TASK GOAL: Write out the lines below once more, exactly as they appear. Do not include pictures.
*** Opening of PROVIDED MATERIAL ***
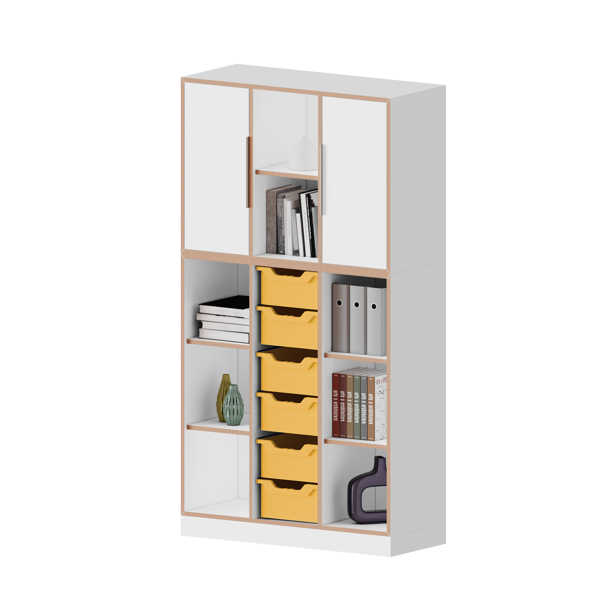 The cabinet boasts plenty of storage space and mobility, making it suitable for use in both schools and offices. It consists of a cabinet with 3 file heights and an additional top cabinet with 2 file heights. It also includes 6 large Ergo Tray boxes in which all your documents can be organized. The cabinet system can also be easily extended at any time.
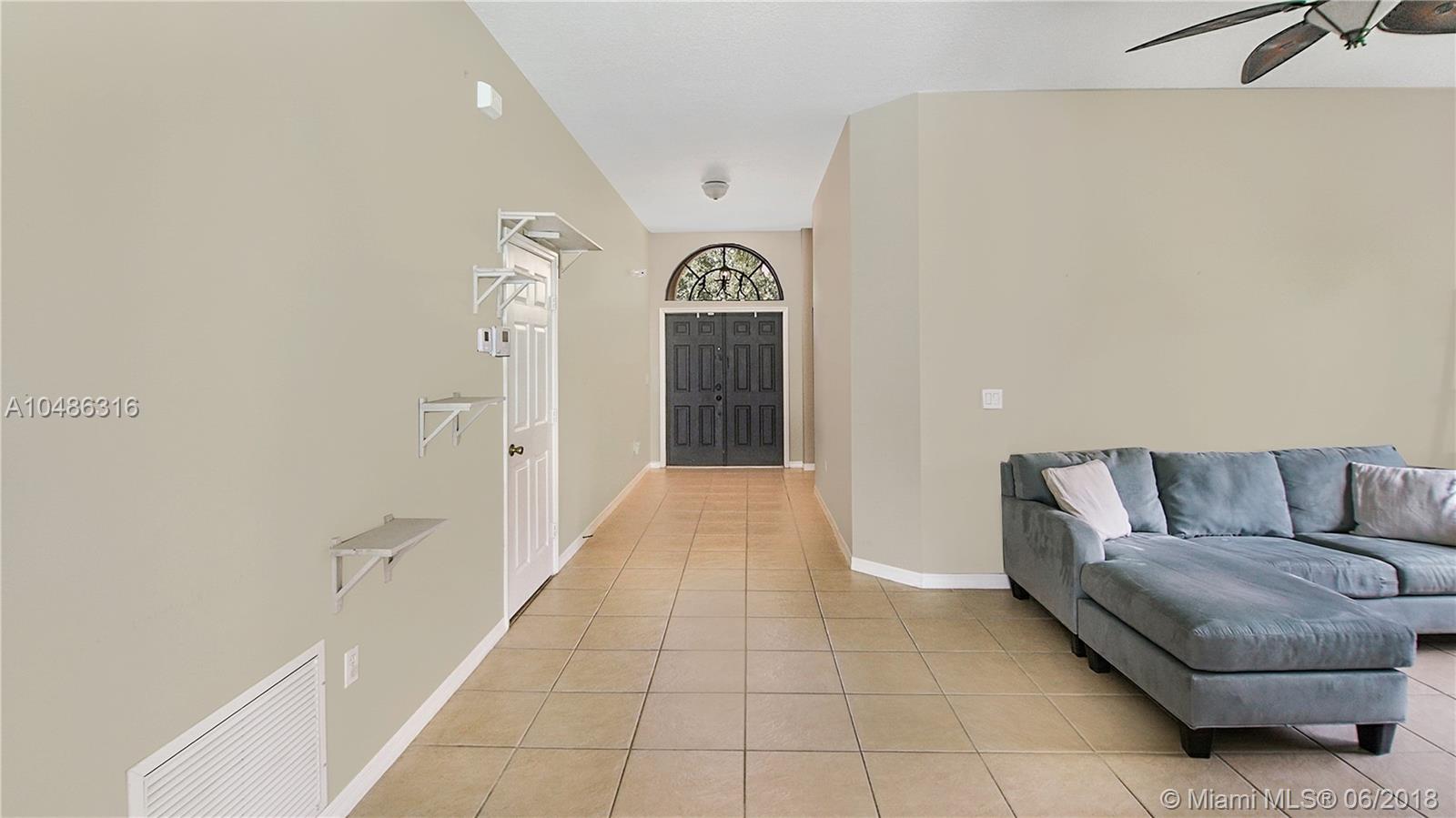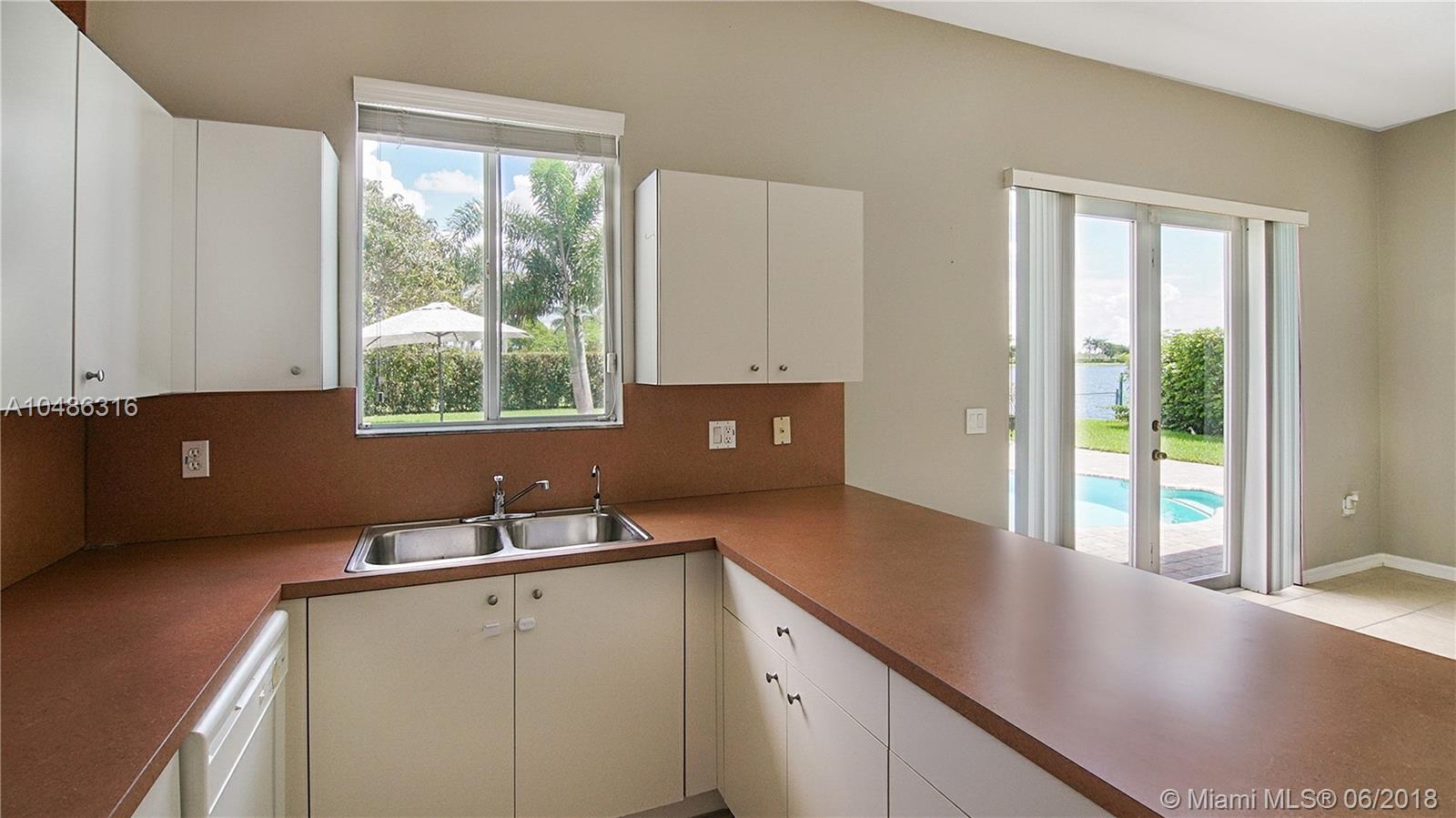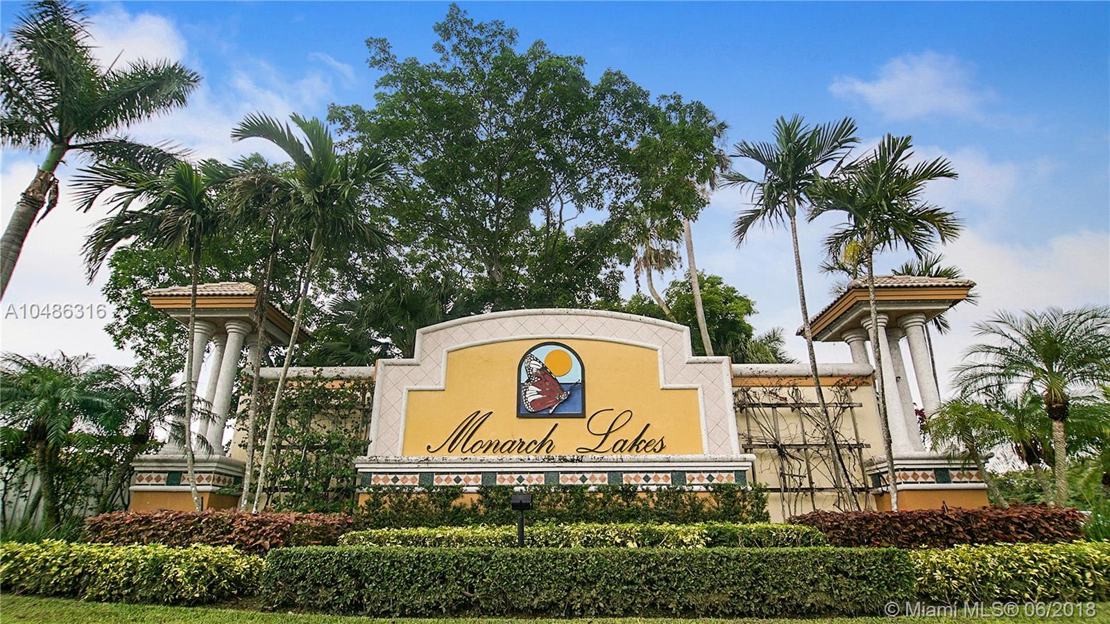 Beautiful one story home on one of the largest lots in Monarch Lakes, waterfront & no rear neighbor, mango tree out back! Salt water capable Pool; large paved patio with pavers extending out towards lake, pavers extend on the east side to the front of the home; solar water heater; A.C. 2 years new; 3 bedroom split floor plan. Master has bamboo floors, walk in closet with built ins, dual vanity, tub and separate shower. Guest rooms w/engineered wood; tile through out main areas. Master bedroom and kitchen area open up to the pool with French doors. High ceilings. Separate laundry room! Located in a cul-de-sac. Lots of light! Gated community. Walking distance to elementary school, shopping and restaurants, yet tucked away in a quiet gated subdivision! (water frontage unk)
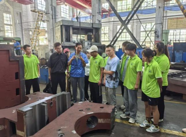 7月17日下午,实践团到访天水星火机床有限责任公司,在公司技术负责人的带领下,全流程参观机床制造的的相关工艺车间。每到一处,企业负责人都会将相关工艺流程、设备设施、岗位工作和车间任务详细讲解给同学们,帮助大家了解厂区工作和生活。参观结束后,双方开展座谈交流,就员工发展、25届校园招聘等方面做了交流。
*** Close of PROVIDED MATERIAL ***
WRITTEN RESPONSE:
 The cabinet boasts plenty of storage space and mobility, making it suitable for use in both schools and offices. It consists of a cabinet with 3 file heights and an additional top cabinet with 2 file heights. It also includes 6 large Ergo Tray boxes in which all your documents can be organized. The cabinet system can also be easily extended at any time.
 Beautiful one story home on one of the largest lots in Monarch Lakes, waterfront & no rear neighbor, mango tree out back! Salt water capable Pool; large paved patio with pavers extending out towards lake, pavers extend on the east side to the front of the home; solar water heater; A.C. 2 years new; 3 bedroom split floor plan. Master has bamboo floors, walk in closet with built ins, dual vanity, tub and separate shower. Guest rooms w/engineered wood; tile through out main areas. Master bedroom and kitchen area open up to the pool with French doors. High ceilings. Separate laundry room! Located in a cul-de-sac. Lots of light! Gated community. Walking distance to elementary school, shopping and restaurants, yet tucked away in a quiet gated subdivision! (water frontage unk)
 7月17日下午,实践团到访天水星火机床有限责任公司,在公司技术负责人的带领下,全流程参观机床制造的的相关工艺车间。每到一处,企业负责人都会将相关工艺流程、设备设施、岗位工作和车间任务详细讲解给同学们,帮助大家了解厂区工作和生活。参观结束后,双方开展座谈交流,就员工发展、25届校园招聘等方面做了交流。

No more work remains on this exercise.